Six years ago this Friday, the U.S. Supreme Court decided, narrowly, to complicate life for online sellers.
In the landmark 2018 case South Dakota v. Wayfair, Inc. et al, the Court determined that an out-of-state seller could establish “nexus” through just economic activity. (Nexus is an economic presence that triggers the obligation to collect and remit tax or at least communicate with appropriate states.) Not to mention that eCommerce was set to skyrocket around the time of Wayfair, a lift-off later sent into hyperdrive by online shopping during the pandemic.
States were as eager in 2018 for more tax revenue as they have been since, and they soon set individual economic nexus triggers according to in-state sales, revenue or both ($250,000 per year in sales in a state, for example, or 200 or more separate transactions). Except not every state has used the same dollar figure or the same total of sales through the last six years. “Revenue” can also vary, meaning “gross revenue” in some states and “taxable receipts” or “retail receipts” in others.
Some states are also now easing nexus thresholds even as they try to levy sales taxes on new products and ramp up “sales taxes” in other forms.

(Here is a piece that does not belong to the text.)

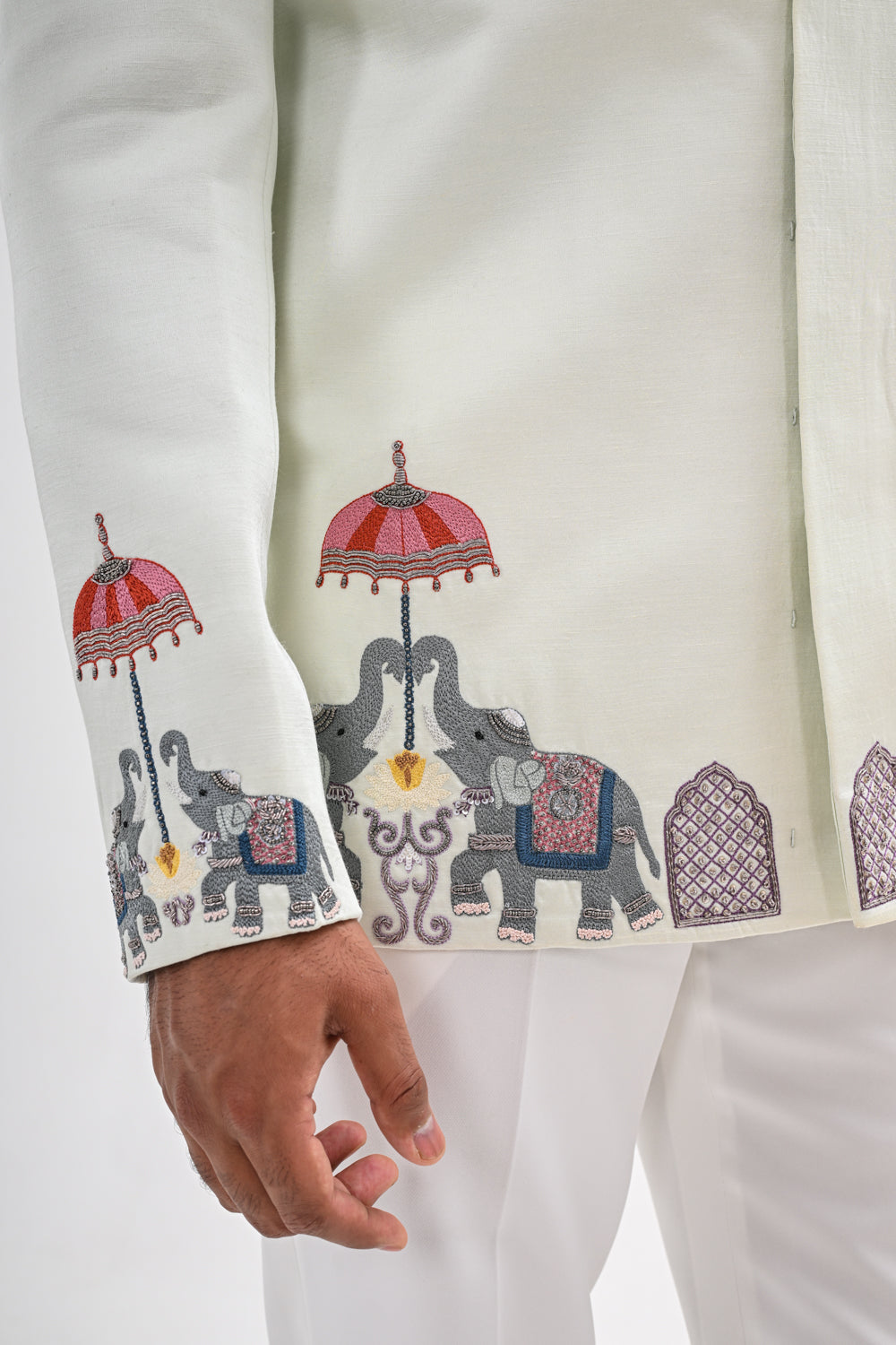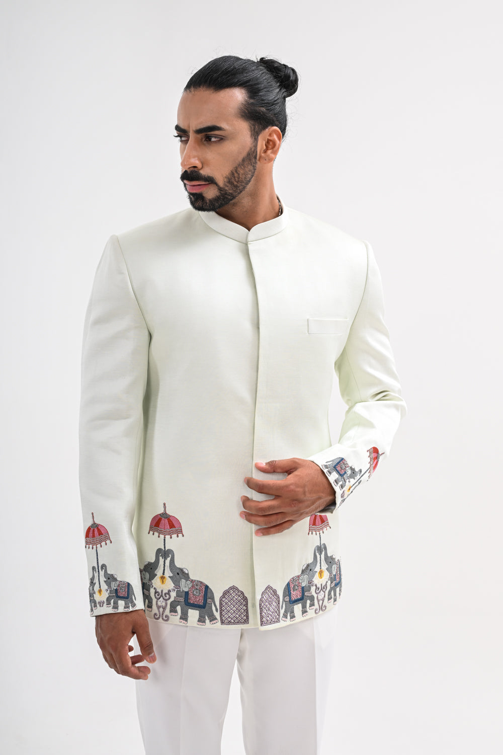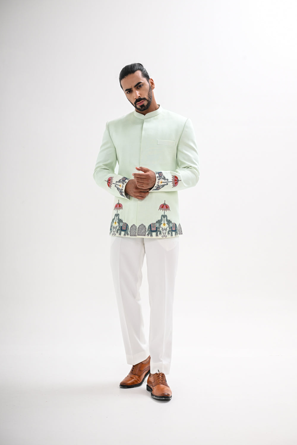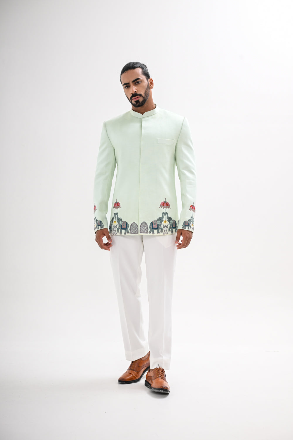 An exquisite handmade hand-embroidered light green Bandhgala Set, thoughtfully crafted on fine linen satin fabric. This elegant two-piece ensemble features a hand-embroidered Bandhgala paired with tailored trouser, reflecting a perfect balance of tradition and contemporary style. Please note, the actual color of the garment may vary slightly due to lighting conditions during photography.

But if states are so serious about sales tax, why don’t they just pick a number? What’s with all the thresholds? Why do sellers who’ve never set foot in a state have to collect and remit sales tax from customers there? Why isn’t there a national sales tax, anyway?
Why has this aspect of online business become so confusing since Wayfair – and when, if ever, is it going to get simpler?
More than physical presence
Companies have always been able to establish nexus with physical presence in a state: an office, reps or affiliates, warehoused inventory (more on this later) or just appearing at a trade show.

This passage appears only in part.